Earlier this week, I went to Kew Gardens to ‘follow an illuminated trail through our enchanting winter landscape.’  I’d seen the adverts everywhere and excitedly booked tickets for me and my friend as a way to get into the Christmas spirit.  I envisaged beautiful traditionally lit trees, Christmas markets and gorgeous scenery.  The reality, however, turned out to be rather different to my expectations.

It probably didn’t help that it was raining when we went but the whole affair seemed to have been incorrectly marketed.  Firstly, it wasn’t exactly a Christmassy walk – in fact, there was nothing Christmassy about the walk.  It was more of a surreal experience with a dominant theme being ‘plant whispering’ and some actors were rather half-heartedly rambling on about how plants can communicate to each other through a series of strange noises.  Who this was aimed at was rather unclear – the children that had been dragged along expecting to see elves and Christmas trees stood confused as they were handed a marble which they then threw into a lake which prompted the plants to “communicate” back.  My friend threw a marble into the lake and we had to practically strain our ears to hear a noise which ended up sounding like a tiny little belch.  Strange.

Throughout the trail, there were several gramophones around playing noises of the plants, which contributed to the rather bizarre atmosphere.  There were some aesthetically beautiful moments – there was one part where a section of landscape was lit up and children (or adults) could press buttons that emitted rave-like sounds which was rather entertaining.  There was also the Field of Fire (as in my blurry picture below) which was strangely hypnotising and an inspired art installation entitled ‘The Waterlily’.  

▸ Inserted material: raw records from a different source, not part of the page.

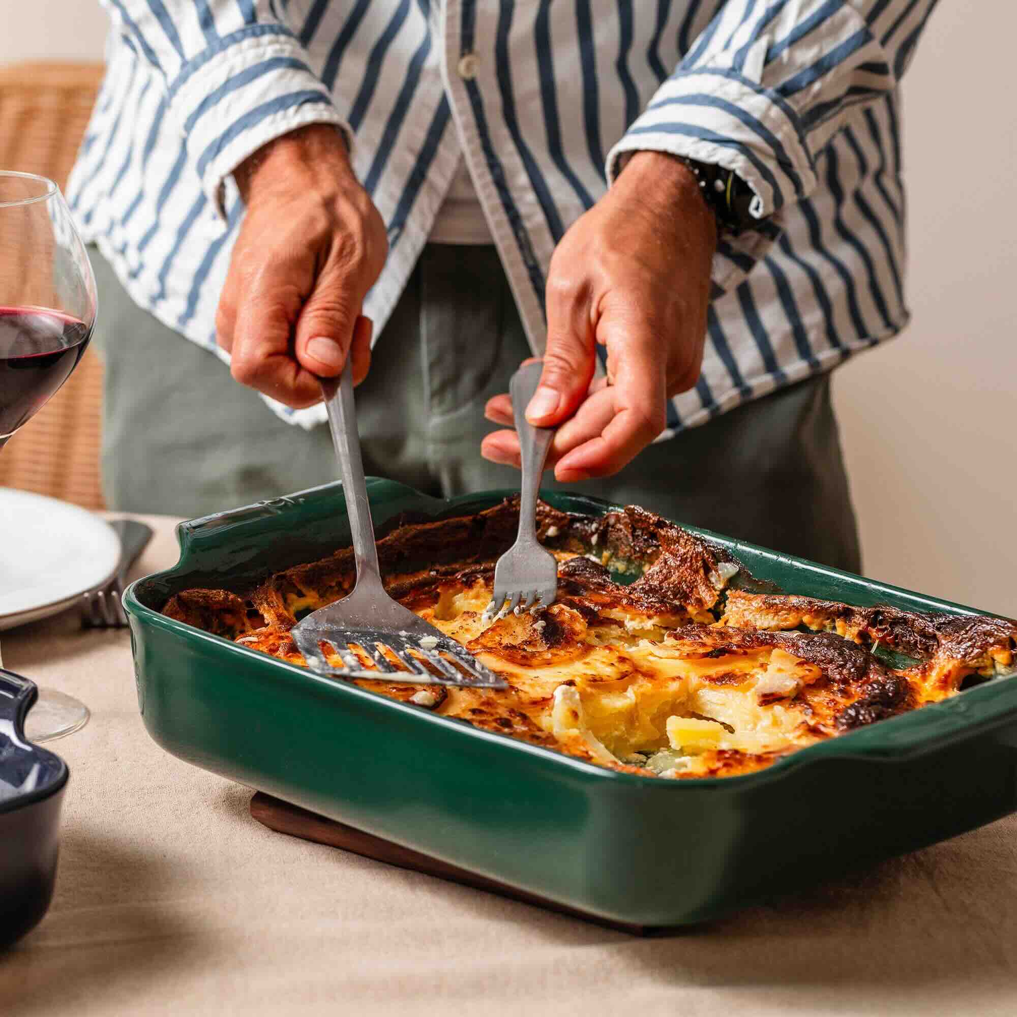 Wir haben diese Auflaufform gemeinsam mit Ihnen entworfen. Wie immer haben wir Sie nach Ihrer Meinung gefragt, und über 1.200 von Ihnen haben uns Ihre Erwartungen mitgeteilt. Deshalb haben wir jede Ihrer Antworten analysiert, um die perfekte Auflaufform für Sie zu finden. Keramik oder Glas: Sie haben sich für Keramik entschieden. Das Format? Rechteckig, ganz nach Ihren Wünschen. Bei den Farben hatten Sie die Wahl zwischen Olivgrün und einem schönen Mitternachtsblau. Deshalb haben wir uns entschieden, Ihnen diese beiden zeitlosen Farben anzubieten.
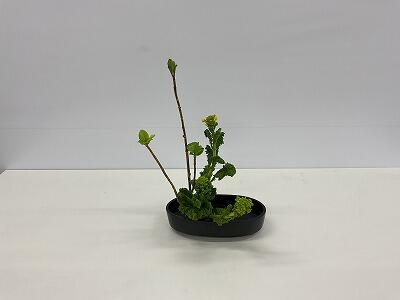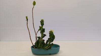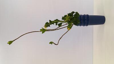 今週の課題のお花は春を感じる「菜の花」と「芽出し紫陽花」でした。それらを瓶花と盛花の直立型でいけました。
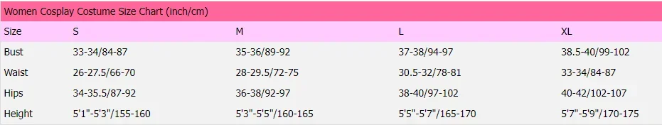 | Women Cosplay Costume Size Chart (inch/cm) | ||||
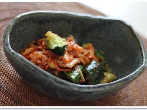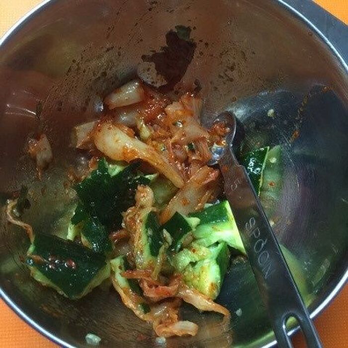②適当な大きさになったら、①をボウルに入れ、ごま油を全体に絡めます。キムチを加え、塩を少々~ひとつまみ入れます。全体に混ぜて味を見て器に盛ります。
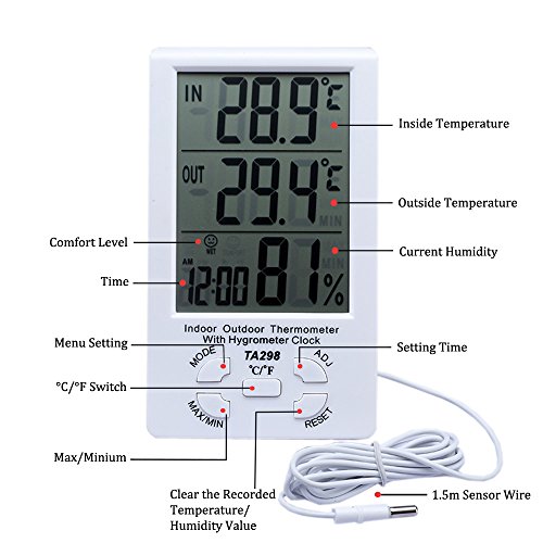 Outside & Inside Digital LCD Thermometer + Hygrometer With Min/ Max Value And Clock
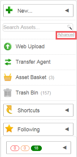 You may also see other fields which relate to each specific object type. For example, when looking at the Advanced Search screen in the Assets tab, you will also see search options for file formats and other asset-specific properties.
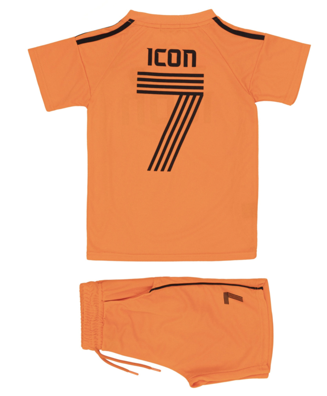 Artikelnummer: 1704or OverzichtDeze ICON voetbal set in oranje en zwart is een stoere en sportieve outfit voor jongens die van voetbal en actieve kleding houden. De tweedelige set bestaat uit een sportshirt met korte mouwen en een bijpassende short en heeft een moderne voetbalstijl met het ICON logo en rugnummer 7.
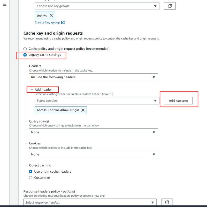 Under Cache key and origin requests select Legacy cache settings, choose Include the following headers, click Add custom button, and paste this as custom header inside: Access-Control-Allow-Origin
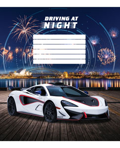 Серія "Car and Nigh city" 12 аркушів у лінійку. Обкладинка – чистоцелюлозний картон, 200гр. Внутрішній блок – офсет.
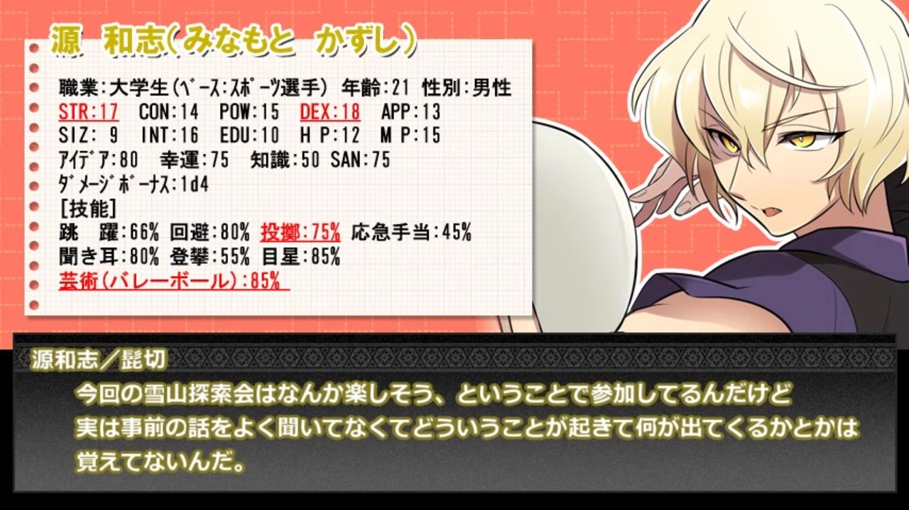 <span style="color: #ff0000;">※シナリオ「雪山密室」のネタバレをします(そりゃあな)。<br>※シナリオ「水没列車」の話題にネタバレしない程度に触れています。</span><br><br>(プレイヤーサイズ(大)での視聴がちょうどいいサイズです…。)<br><br>KP初心者とPL初心者とTRPG動画初心者による何が起きるかよくわからない「雪山密室」をお届けします!<br>あまりにも初心者すぎて何もかもよくわからない、まあ、茶でも飲みながら気楽に行きましょう。<br>(9/18追記)<br>ほんまや!! 兼さんの初期SAN値☓53→○55です。うぷ主うっかり野郎なので今後もやらかすことでしょう。<br><br><span style="color: #000000; font-size: 14px;">【 次 </span><a href="https://www.nicovideo.jp/watch/sm35811245" class="watch">sm35811245</a><span style="color: #000000; font-size: 14px;"> 】 マイリスト( </span><a href="https://www.nicovideo.jp/mylist/66671991" target="_blank" rel="noopener">mylist/66671991</a><span style="color: #333333; font-size: 16px;"><strong> </strong></span><span style="color: #000000; font-size: 14px;">)</span><br><br>------------------------------------------------------------<br>鶴 丸 笑い上戸のうっかり野郎<br>一 期 気遣いのできるマイペース<br>薬 研 ツッコミの距離が遠い<br>和泉守 擬音がやたら多い<br>髭 切 ボケか素かよくわからん
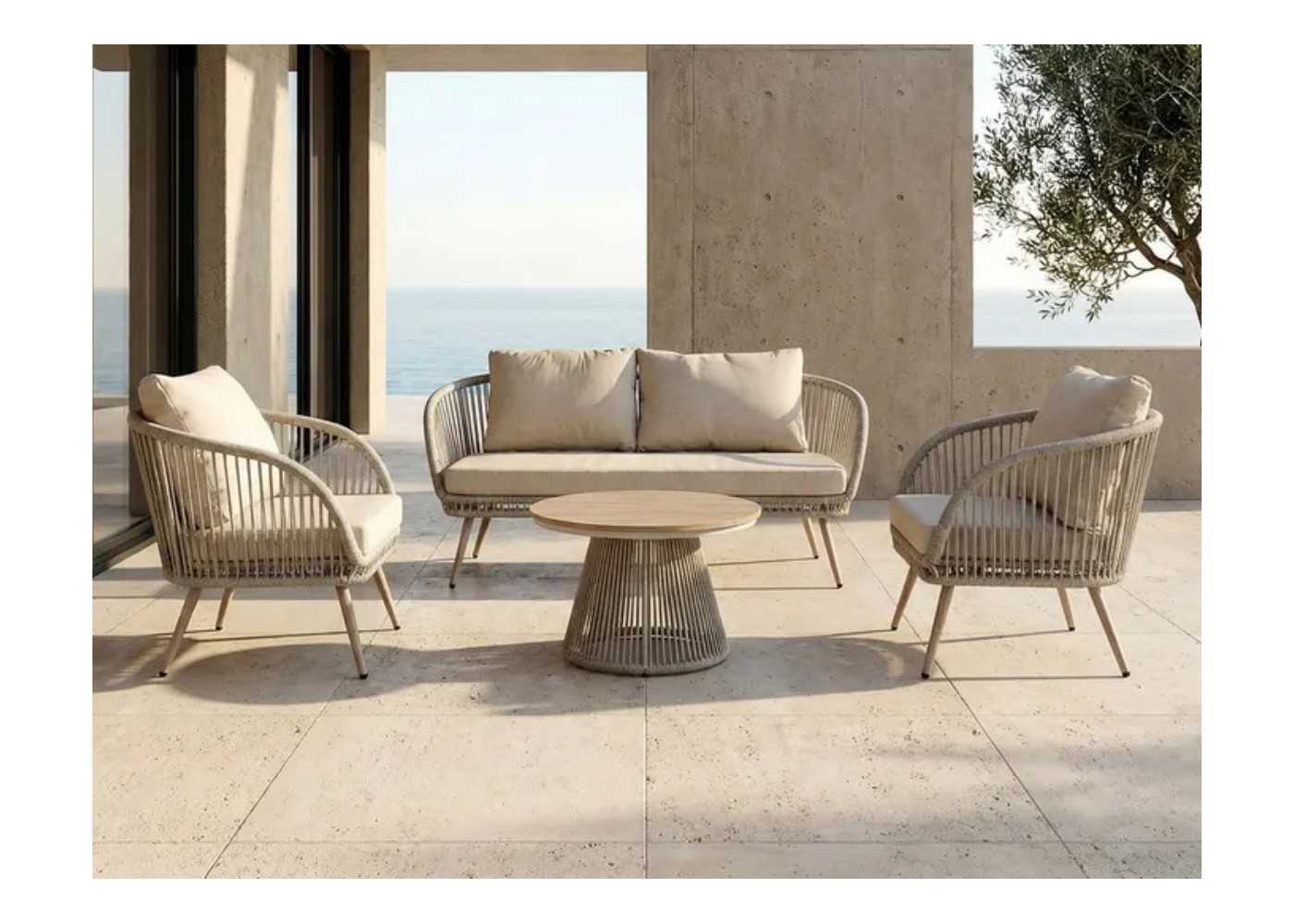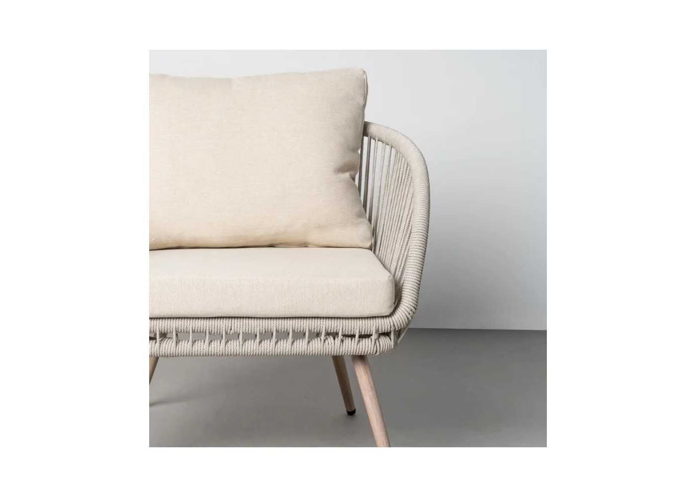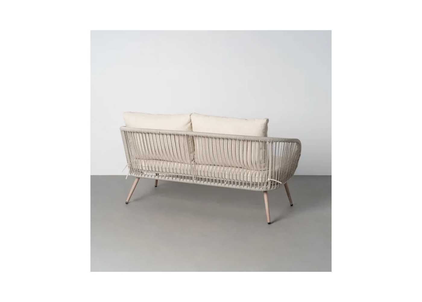 Conjunto de jardín formado por mesa de centro, sofá y dos sillones en acero lacado y ratán PE.
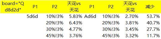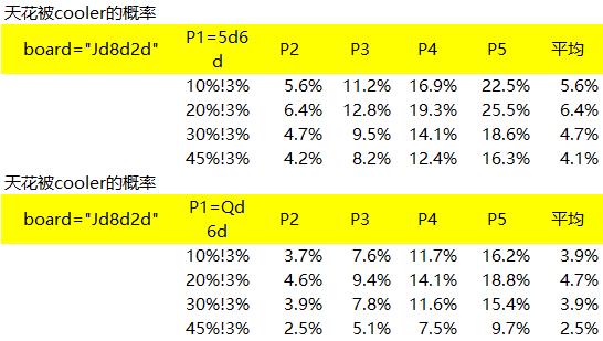 1、 从下面表里我们可以看到,持有5d6d而击中天花的时候,被cooler(遇到更大的天花)的概率基本等于遇到天花的概率

The trail ended with a fun lights show which illuminated the main Kew greenhouse in all its glory, lighting it up in different colours in time with the music.  The whole event seemed to be more a surreal exploration of light and sound amongst nature which is why I think many families must have finished the trail sorely disappointed.  The Christmas Village was rather mediocre and the rides were small and targeted to children – fair enough perhaps! 

In conclusion, the Christmas trail was not at all what it promised to be, however if you’re willing to forgo all expectations, there are parts that are aesthetically beautiful, especially so at night time and we still managed to enjoy ourselves!